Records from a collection
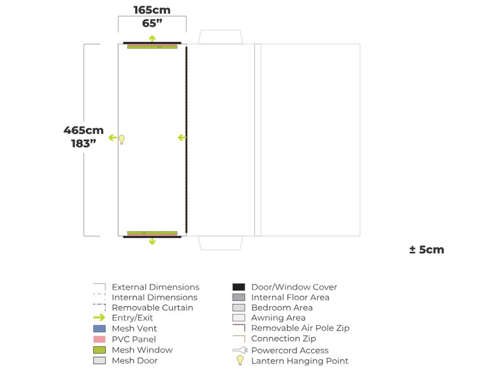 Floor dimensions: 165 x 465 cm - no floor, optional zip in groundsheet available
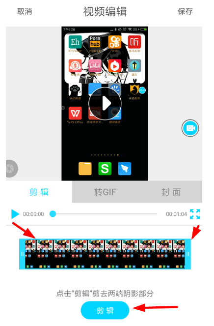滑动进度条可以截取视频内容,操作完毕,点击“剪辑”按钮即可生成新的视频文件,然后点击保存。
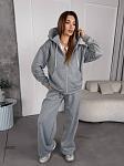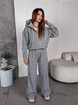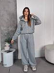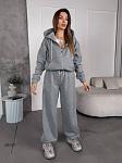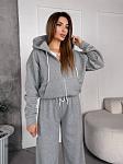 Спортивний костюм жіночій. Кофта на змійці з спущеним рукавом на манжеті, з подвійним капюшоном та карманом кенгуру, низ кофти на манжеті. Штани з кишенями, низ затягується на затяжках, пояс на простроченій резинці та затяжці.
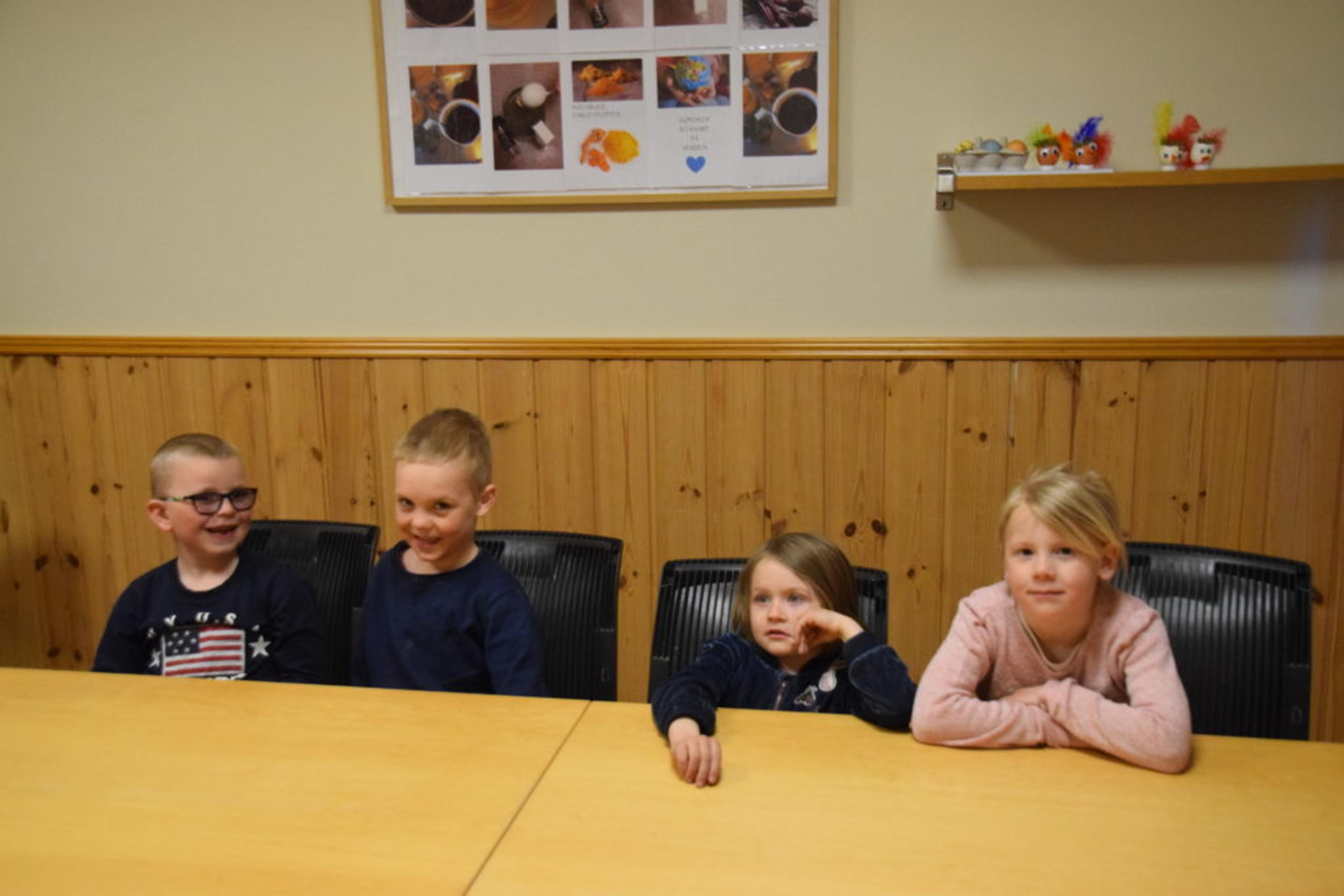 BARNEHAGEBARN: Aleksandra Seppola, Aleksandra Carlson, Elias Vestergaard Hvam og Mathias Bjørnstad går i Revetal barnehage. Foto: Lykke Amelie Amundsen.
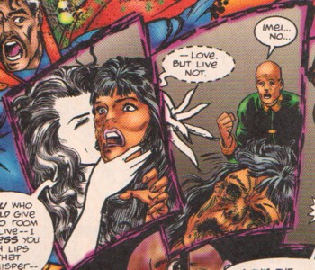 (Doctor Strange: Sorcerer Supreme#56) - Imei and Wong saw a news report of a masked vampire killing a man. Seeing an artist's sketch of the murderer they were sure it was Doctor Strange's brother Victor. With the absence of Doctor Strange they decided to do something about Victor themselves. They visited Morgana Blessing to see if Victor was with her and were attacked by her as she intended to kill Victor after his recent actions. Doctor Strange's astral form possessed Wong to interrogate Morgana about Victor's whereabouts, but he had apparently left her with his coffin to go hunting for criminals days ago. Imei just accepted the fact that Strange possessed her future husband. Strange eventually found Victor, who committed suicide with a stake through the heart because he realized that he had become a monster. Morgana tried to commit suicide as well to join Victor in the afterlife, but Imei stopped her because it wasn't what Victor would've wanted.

-- To do --
Could you retype every line above exactly as it appears, skipping the pictures?

-- Answer area --
 Floor dimensions: 165 x 465 cm - no floor, optional zip in groundsheet available
滑动进度条可以截取视频内容,操作完毕,点击“剪辑”按钮即可生成新的视频文件,然后点击保存。
 Спортивний костюм жіночій. Кофта на змійці з спущеним рукавом на манжеті, з подвійним капюшоном та карманом кенгуру, низ кофти на манжеті. Штани з кишенями, низ затягується на затяжках, пояс на простроченій резинці та затяжці.
 BARNEHAGEBARN: Aleksandra Seppola, Aleksandra Carlson, Elias Vestergaard Hvam og Mathias Bjørnstad går i Revetal barnehage. Foto: Lykke Amelie Amundsen.
 (Doctor Strange: Sorcerer Supreme#56) - Imei and Wong saw a news report of a masked vampire killing a man. Seeing an artist's sketch of the murderer they were sure it was Doctor Strange's brother Victor. With the absence of Doctor Strange they decided to do something about Victor themselves. They visited Morgana Blessing to see if Victor was with her and were attacked by her as she intended to kill Victor after his recent actions. Doctor Strange's astral form possessed Wong to interrogate Morgana about Victor's whereabouts, but he had apparently left her with his coffin to go hunting for criminals days ago. Imei just accepted the fact that Strange possessed her future husband. Strange eventually found Victor, who committed suicide with a stake through the heart because he realized that he had become a monster. Morgana tried to commit suicide as well to join Victor in the afterlife, but Imei stopped her because it wasn't what Victor would've wanted.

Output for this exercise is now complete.